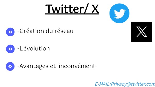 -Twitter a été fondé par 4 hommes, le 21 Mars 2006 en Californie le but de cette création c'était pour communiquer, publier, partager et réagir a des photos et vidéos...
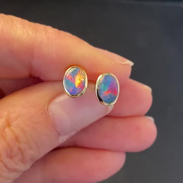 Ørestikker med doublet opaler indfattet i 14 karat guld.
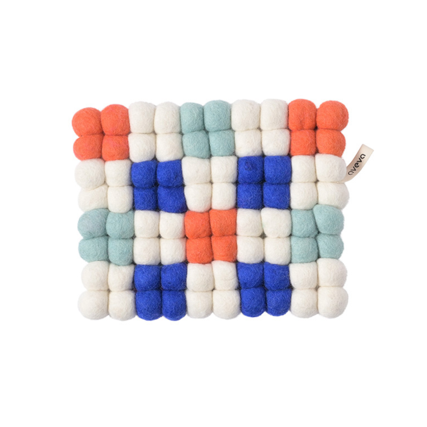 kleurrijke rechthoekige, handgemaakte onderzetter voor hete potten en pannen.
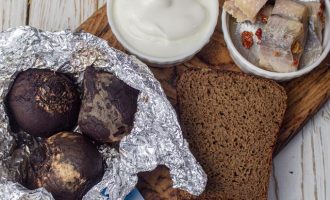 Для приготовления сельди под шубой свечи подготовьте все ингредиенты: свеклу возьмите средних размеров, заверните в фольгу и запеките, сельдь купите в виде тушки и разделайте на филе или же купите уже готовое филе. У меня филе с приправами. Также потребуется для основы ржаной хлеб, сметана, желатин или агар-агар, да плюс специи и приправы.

* * *

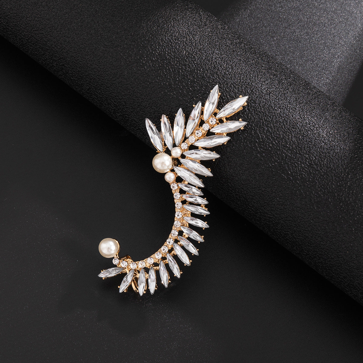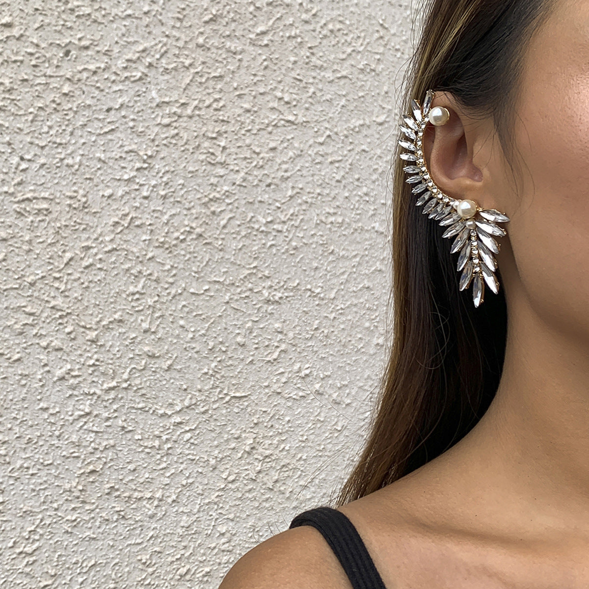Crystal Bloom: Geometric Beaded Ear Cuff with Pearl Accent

**WHAT YOU NEED TO DO**
The result should be an exact copy of only the lines above from the one that holds "Ørestikker med doublet" through the one that holds "Для приготовления сельди", both ends included, without pictures.

**TASK RESPONSE**
 Ørestikker med doublet opaler indfattet i 14 karat guld.
 kleurrijke rechthoekige, handgemaakte onderzetter voor hete potten en pannen.
 Для приготовления сельди под шубой свечи подготовьте все ингредиенты: свеклу возьмите средних размеров, заверните в фольгу и запеките, сельдь купите в виде тушки и разделайте на филе или же купите уже готовое филе. У меня филе с приправами. Также потребуется для основы ржаной хлеб, сметана, желатин или агар-агар, да плюс специи и приправы.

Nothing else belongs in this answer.